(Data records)
☆ ☆ ☆ ☆

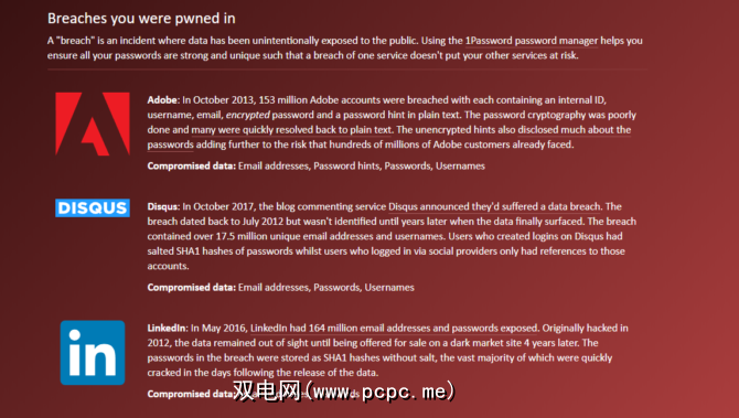 如果您的电子邮件地址与数据泄露相关,则网站会指定泄露日期,受影响的服务或公司以及有关的详细信息
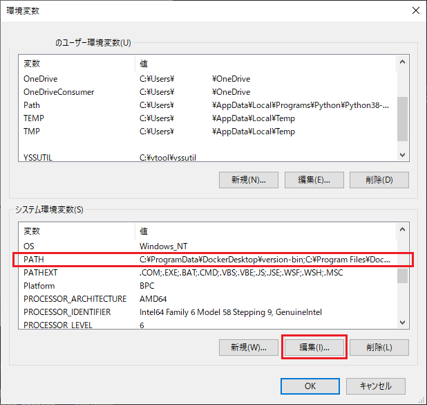 「環境変数」画面が表示されるので、「システム環境変数」-「PATH」を選択し、「編集」をクリックします。
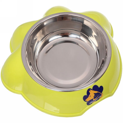 Цена за 2 шт. Миска пластиковая с металлической чашкой "Лапка" 16*4,6см цвет зеленый
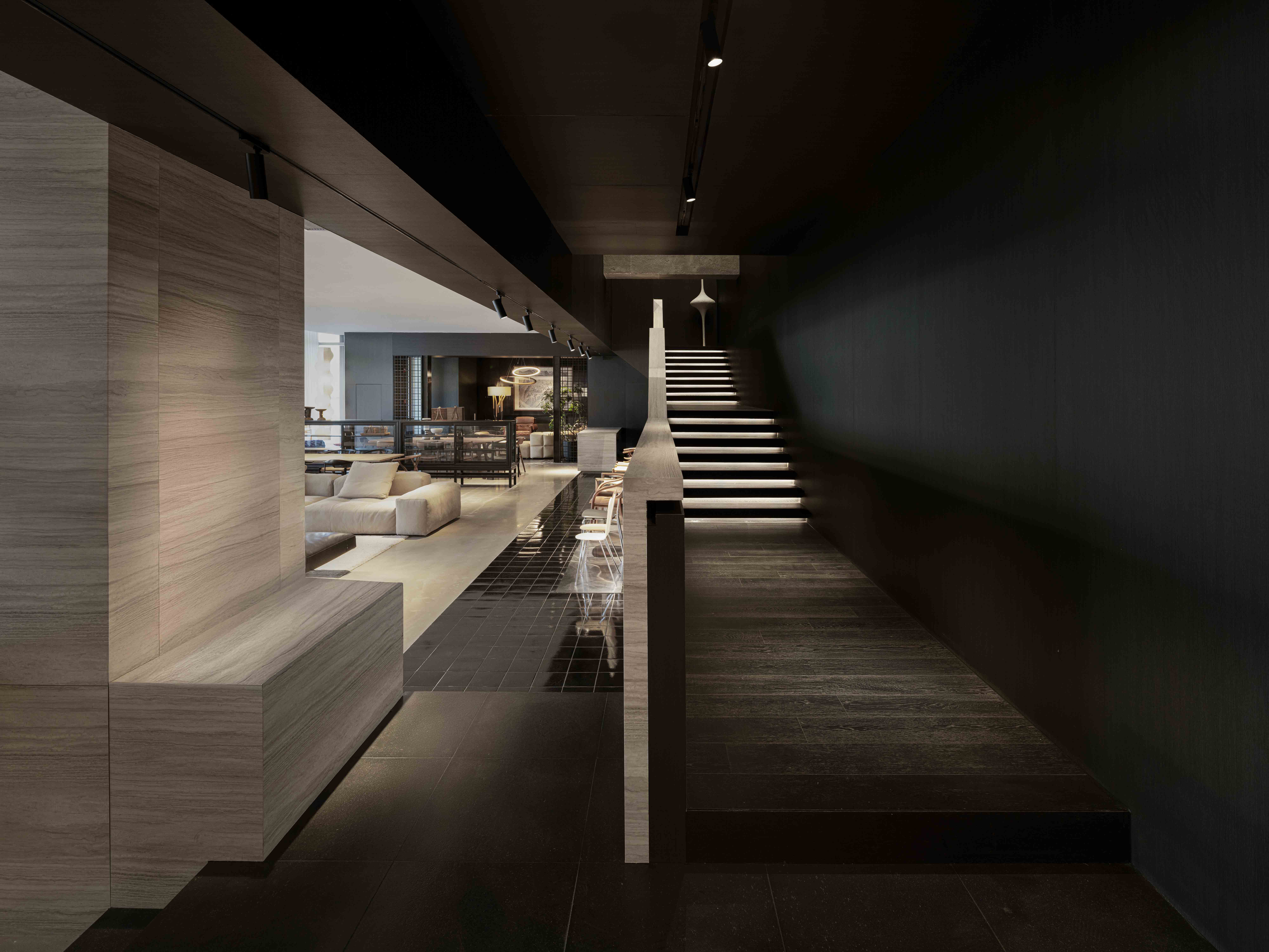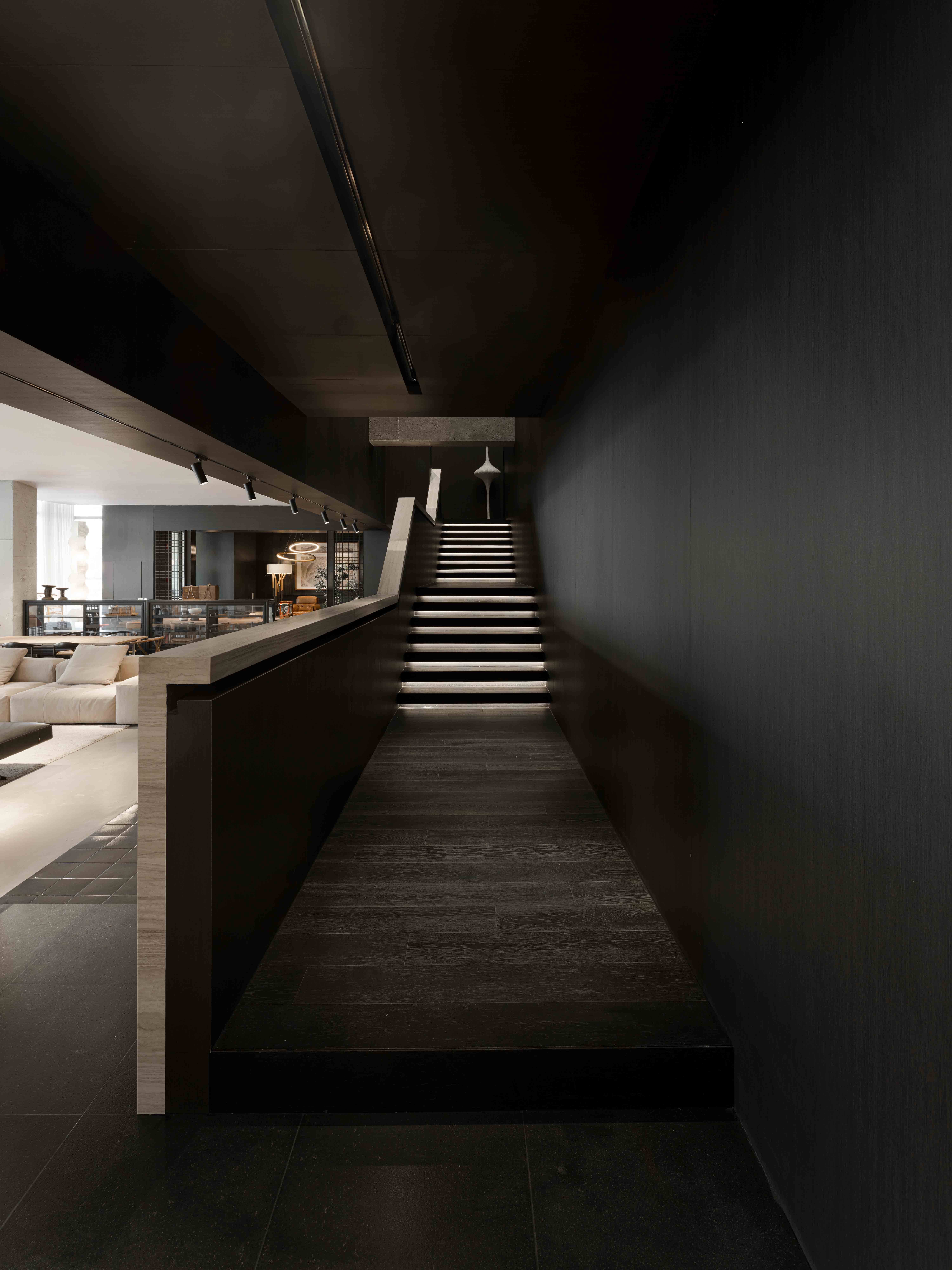 • 承 • 焦点: 一个贯通两层的黑色体量构成视觉核心,其内部一道极具雕塑感的楼梯蜿蜒而上,它不仅是连接垂直空间的枢纽,更是一个强烈的艺术符号,成为空间的记忆锚点。
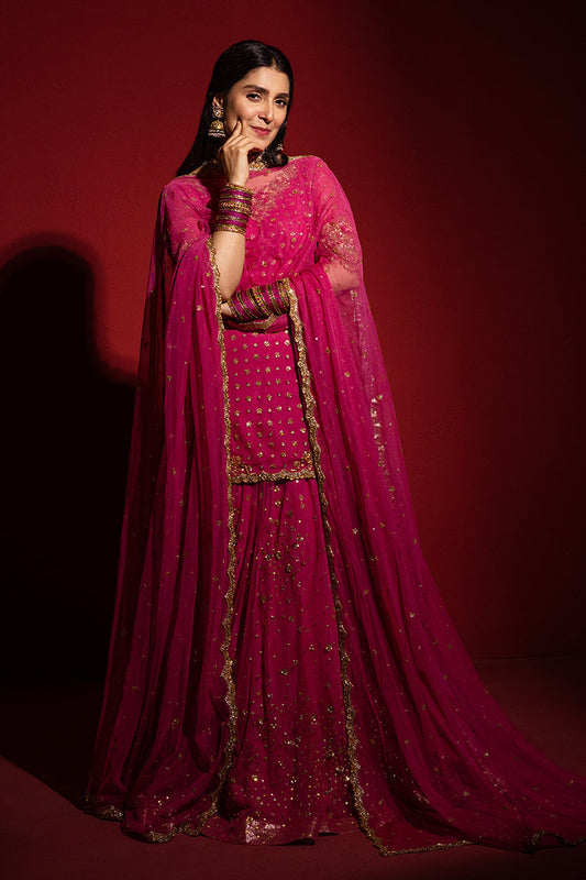 Aima Baig - Beetroot Shirt, Farshi Shalwar with Dupatta - COD | 50% OFF
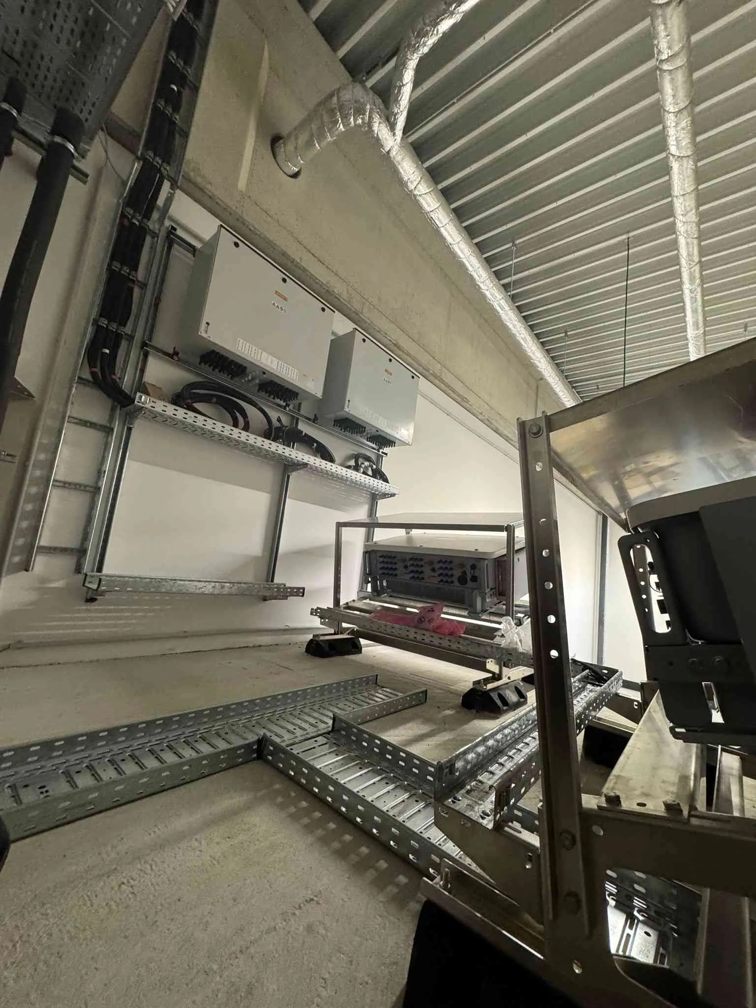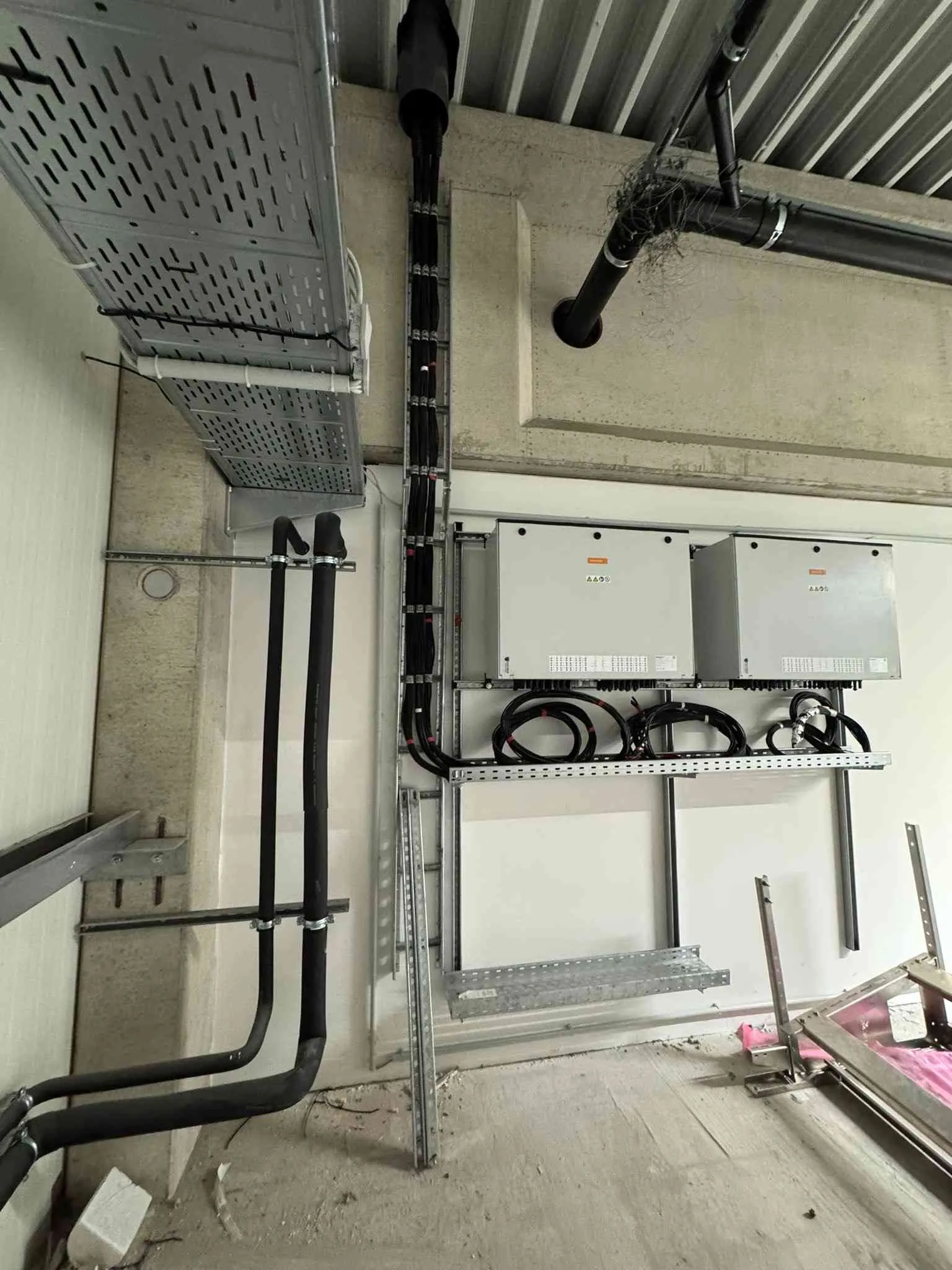 Auf der Baustelle des neuen EDEKA Honsel hat sich im Technikbereich erneut einiges bewegt. Die Wechselrichter wurden vom Dach ins Gebäude verlegt und befinden sich nun an einem geschützten und deutlich besser zugänglichen Standort – ideal für die kommenden Anschlussarbeiten und den späteren Betrieb.

☆ ☆ ☆ ☆

### The task:
Leave out all images, then reproduce the entries above exactly.

### Expected output:
 如果您的电子邮件地址与数据泄露相关,则网站会指定泄露日期,受影响的服务或公司以及有关的详细信息
 「環境変数」画面が表示されるので、「システム環境変数」-「PATH」を選択し、「編集」をクリックします。
 Цена за 2 шт. Миска пластиковая с металлической чашкой "Лапка" 16*4,6см цвет зеленый
 • 承 • 焦点: 一个贯通两层的黑色体量构成视觉核心,其内部一道极具雕塑感的楼梯蜿蜒而上,它不仅是连接垂直空间的枢纽,更是一个强烈的艺术符号,成为空间的记忆锚点。
 Aima Baig - Beetroot Shirt, Farshi Shalwar with Dupatta - COD | 50% OFF
 Auf der Baustelle des neuen EDEKA Honsel hat sich im Technikbereich erneut einiges bewegt. Die Wechselrichter wurden vom Dach ins Gebäude verlegt und befinden sich nun an einem geschützten und deutlich besser zugänglichen Standort – ideal für die kommenden Anschlussarbeiten und den späteren Betrieb.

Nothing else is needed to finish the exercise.